I can help people of a similar mind, through sharing of ideas, knowledge and discoveries, but to those otherwise seemingly intelligent people that have no interest in examining their own thinking in the area (pretty much everyone), I've learned that it's better to just appreciate them for what and where they are and not say anything, even if you can see their trajectory, unless they ask ofc, but even then, it's so difficult to know even where to start, but I do try. 

Who's to say who's right, even friends with eternal credit card debt seem to find a happiness in their journey..
___



> I don't tell people how to spend their money unless they ask. Simple as that.


^Ag Driver said it better


----------



## My Own Advisor (Sep 24, 2012)

I know since I've started to take a deeper interest in investing (10 years or so now), I'm much happier. Our plan is coming together thanks to being frugal (not cheap): economical when it comes to money.

Instead of being a total "consumer", I use what I need and very little more. I'm helping my wallet, my sanity, and the environment this way....

As I get older, I care less about "stuff". We have a decent home and I drive a 15-year-old car. I couldn't care less what other people drive or how big their home is. 

To answer your question, I don't lecture my friends or family. If they ask me about something, I tell them what I think. If they don't ask, I don't offer unsolicited advice.

You can stop the eye-rolling from others if you simply listen more than you talk.


----------



## sags (May 15, 2010)

Given the choice of $25,000 cash or a fine old classic car............I would take the car keys.

Money keeps coming in every month, but classic cars don't.


----------



## sags (May 15, 2010)

I was in the water store today, and had a discussion with the owner about different types of filters etc.

After discussing water taste from our old city and new city and bottled water, he said taste depends on what you are used to drinking.

I think the same applies to saving or spending. Some people are happy saving and some people are happy spending....whatever they are used to.

In our family of 5 kids, 4 of us were spenders and 1 sister was a saver. She saved her candy, and then we all shared it later


----------



## none (Jan 15, 2013)

My Own Advisor said:


> I know since I've started to take a deeper interest in investing (10 years or so now), I'm much happier. Our plan is coming together thanks to being frugal (not cheap): economical when it comes to money.


I had about 100K+ sitting in a savings account for a couple years making nothing while the stock market bottomed out. It would have been a great time to buy but I never put in the time to educate myself in financial matters. I am much happier not know that I'm doing the financially optimal method of couch potato-ing. I find it takes all the stress about savings out of the equation. It's nice to not have to worry about any of that stuff anymore.

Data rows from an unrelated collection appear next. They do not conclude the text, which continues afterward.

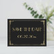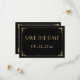 Convites de compromisso de casamento em ouro folha Art Déco estilo O Grande Gatsby (8,89 cm por 12,7 cm) com texto personalizável impresso em fundo preto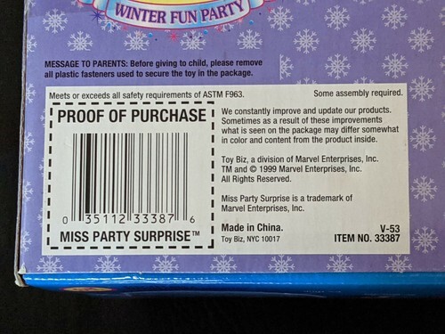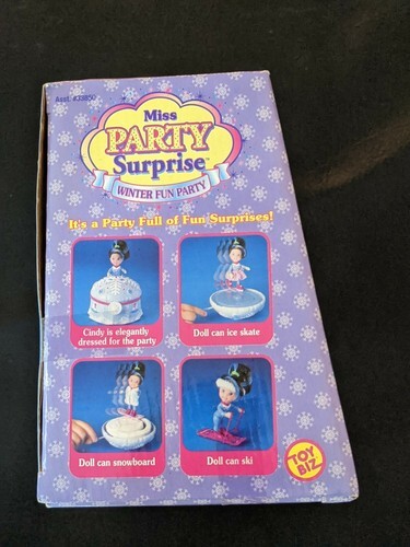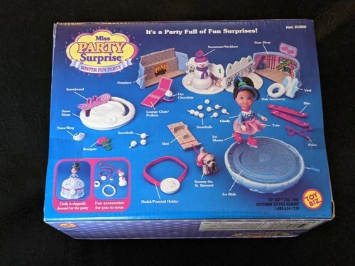 Up for sale is a new in box Vtg 1999 Miss Party Surprise Doll Set Winter Fun Party Cindy Toy Biz Skis.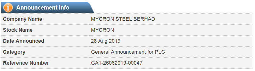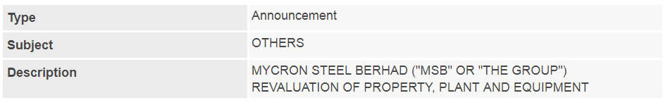 Pursuant to Paragraph 9.19(46) of the Main Market Listing Requirements of Bursa Malaysia Securities Berhad, the Board of Directors of MSB (“the Board”) wishes to announce that MSB had undertaken a revaluation exercise on the land, buildings, plant, machinery and electrical installation held by the Group. The Board had at its meeting held on 27 August 2019 approved the valuation reports and the incorporation of the revaluation surplus arising from the revaluation in the fourth quarter unaudited financial results of MSB for the financial year ended 30 June 2019.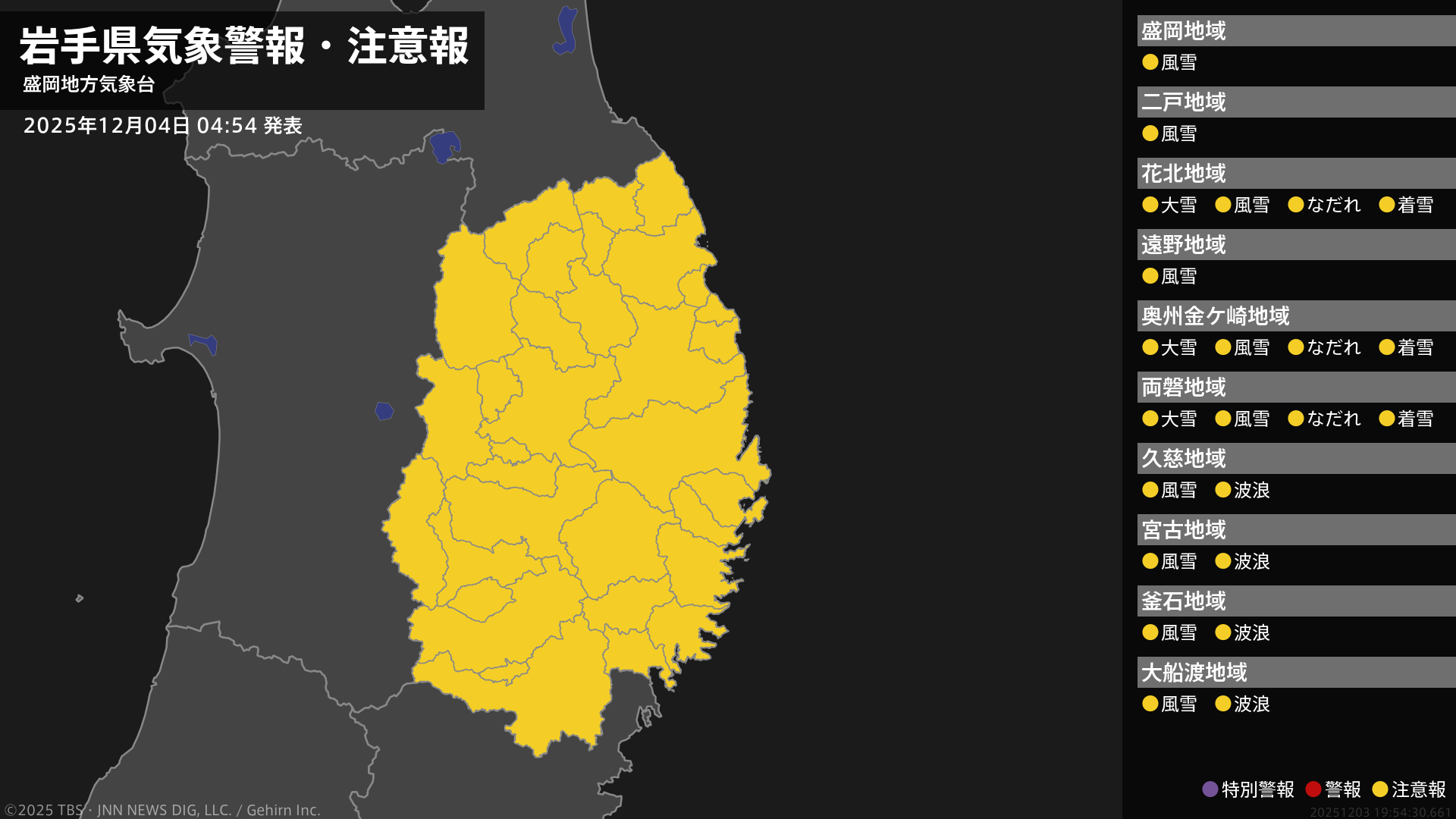 気象台は、午前4時54分に、なだれ注意報を花巻市、北上市、一関市、奥州市、西和賀町、金ケ崎町に発表しました。

I'm in a bit of a savings rut right now and I need to learn to spend more actually. I save about 50% of my pay check give or take. I hope after the tax refund in April my financial future will be a bit more solid and I can start spending a bit more. Divorce is expensive!


----------



## Moneytoo (Mar 26, 2014)

To me, "frugal" sounds like "frigid". I prefer to earn a lot and spend a lot (although now I call it saving & investing lol but it's very similar to shopping - only buying stocks instead of shoes...)


----------



## DollaWine (Aug 4, 2015)

I find that making money and saving it actually makes me happy. Spending money kind of ... upsets me? Maybe "upsets" isn't the word. But I definitely have a strong desire to stack savings. The peace of mind is satisfying and makes me feel focused and responsible.


----------



## My Own Advisor (Sep 24, 2012)

@None,

That's a good chunk of cash "sitting".

I think with financial security comes confidence, lots of it. With confidence, there is less stress. With less stress there is happiness... In some respects, money does buy happiness but only to a point. You need your health, that's another topic altogether!

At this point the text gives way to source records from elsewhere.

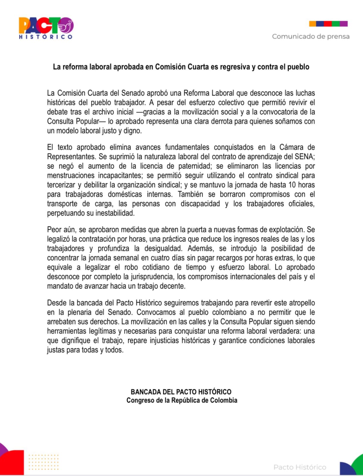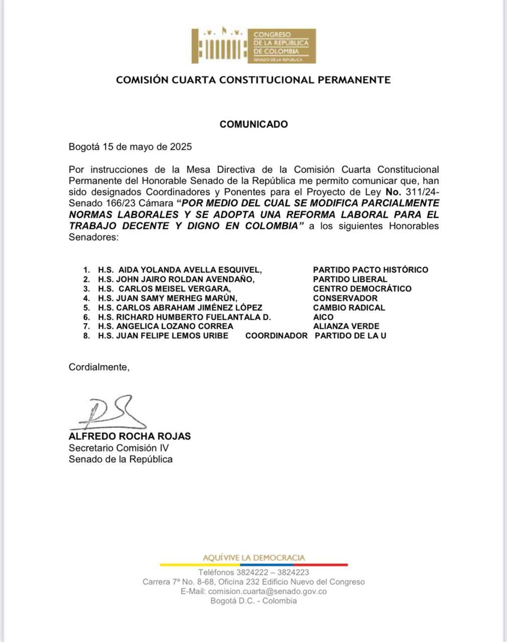 Aprobado Tercer debate en Comisión Cuarta de Senado: 27 de mayo de 2025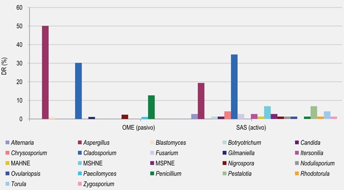 Fue evidente el predominio de representantes de los géneros Aspergillus y Cladosporium, con los mayores valores de densidad relativa. Fue notable también la presencia de Penicillium spp.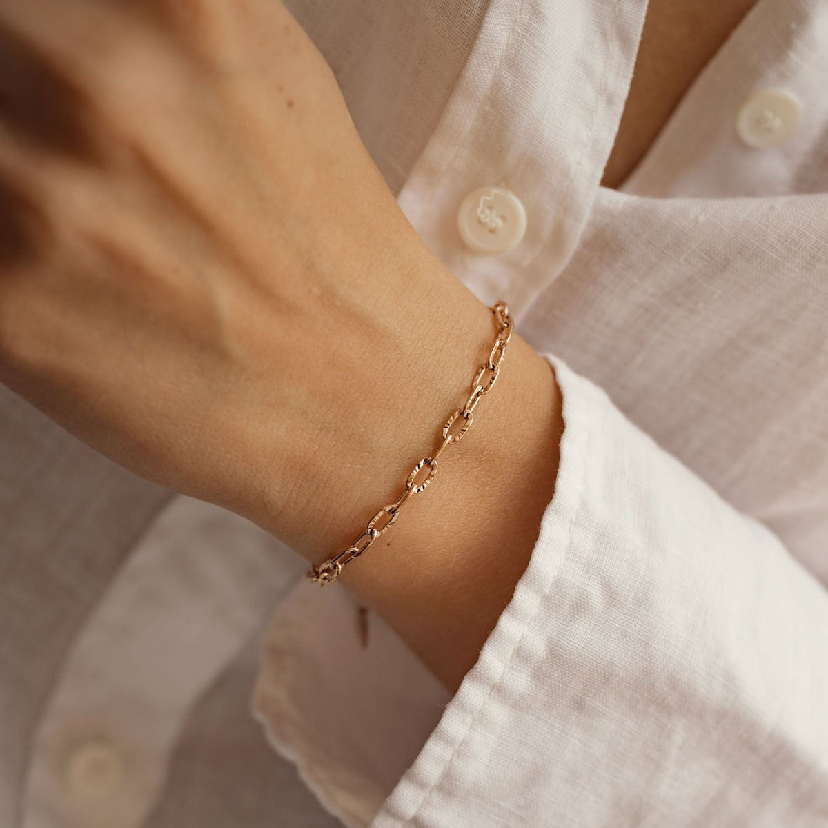 This Textured Link Chain Bracelet Rose Gold by Hey Happiness features oval-shaped rose gold-plated stainless steel links with an engraved texture. It closes with a lobster claw clasp and has an extension chain with a shell charm, offering a stylish and adjustable daily-wear bracelet.

For what it's worth there is a balance in our house. We spend quite a bit of money per year and could tighten purse strings a great deal but we love a nice meal out now and then, we travel a fair amount (I think), we like nice wine and we don't want for decent clothes. I suspect our savings rate (excluding mortgage) is close to 30% now and I'd like to ramp it up to 40% within another few years (avoiding lifestyle inflation). Will we get there? Who knows. But we certainly pay ourselves first, we're frugal to a point but by no means do we count pennies.

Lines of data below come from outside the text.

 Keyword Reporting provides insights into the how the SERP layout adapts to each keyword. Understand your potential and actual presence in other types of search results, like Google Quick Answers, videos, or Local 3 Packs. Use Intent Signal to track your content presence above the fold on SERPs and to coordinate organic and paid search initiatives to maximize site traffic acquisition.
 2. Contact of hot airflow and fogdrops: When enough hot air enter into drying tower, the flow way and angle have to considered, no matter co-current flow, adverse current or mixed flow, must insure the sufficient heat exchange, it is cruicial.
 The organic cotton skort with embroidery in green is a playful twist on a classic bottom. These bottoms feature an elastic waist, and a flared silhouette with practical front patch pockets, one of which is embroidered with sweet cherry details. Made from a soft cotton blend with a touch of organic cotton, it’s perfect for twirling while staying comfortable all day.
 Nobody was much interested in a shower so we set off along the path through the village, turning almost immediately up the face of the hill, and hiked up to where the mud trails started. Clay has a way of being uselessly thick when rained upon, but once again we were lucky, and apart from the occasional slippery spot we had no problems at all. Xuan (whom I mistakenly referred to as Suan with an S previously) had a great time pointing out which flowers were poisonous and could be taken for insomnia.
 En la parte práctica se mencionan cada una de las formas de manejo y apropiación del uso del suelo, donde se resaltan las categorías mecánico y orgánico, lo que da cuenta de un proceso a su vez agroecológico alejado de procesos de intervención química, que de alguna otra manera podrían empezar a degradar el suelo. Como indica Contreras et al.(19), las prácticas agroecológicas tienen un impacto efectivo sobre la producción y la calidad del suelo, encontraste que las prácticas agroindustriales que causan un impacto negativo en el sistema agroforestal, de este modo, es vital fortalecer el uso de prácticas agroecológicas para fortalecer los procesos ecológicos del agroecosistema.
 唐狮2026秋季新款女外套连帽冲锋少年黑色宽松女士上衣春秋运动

Time spent + money spent = what you value in life.

Good on you to focus so much what you value, if it is financial future or otherwise.


----------



## Beaver101 (Nov 14, 2011)

sags said:


> ...
> In our family of 5 kids, 4 of us were spenders and 1 sister was a saver. *She saved her candy, and then we all shared it later *


 .. sneaky and no denying in 'fessing up.


----------



## showmethemoney45 (Feb 27, 2015)

sags said:


> In our family of 5 kids, 4 of us were spenders and 1 sister was a saver. She saved her candy, and then we all shared it later



Thats what I'm also trying to avoid..when everyone else runs out of money they will come mooching for mine


----------



## kcowan (Jul 1, 2010)

I don't have a problem with people that like to spend money (whether they have it or not). I have a problem with people who have amassed a fortune and cannot loosen up and enjoy spending it. We are not profligate by any means but we do enjoy splurging on a meal with a nice bottle of wine. So we have evolved to ask for separate checks with the careful people but I will often ask what their half amounted to and it usually is within a couple of dollars one way and the other. 

One of the differences is that we tip 18% for excellent service (20% if outstanding) and our frugal friends usually limit themselves to 15%. This difference is probably due to my son earning his way through college by working at The Keg.


----------



## nobleea (Oct 11, 2013)

kcowan said:


> I don't have a problem with people that like to spend money (whether they have it or not). I have a problem with people who have amassed a fortune and cannot loosen up and enjoy spending it.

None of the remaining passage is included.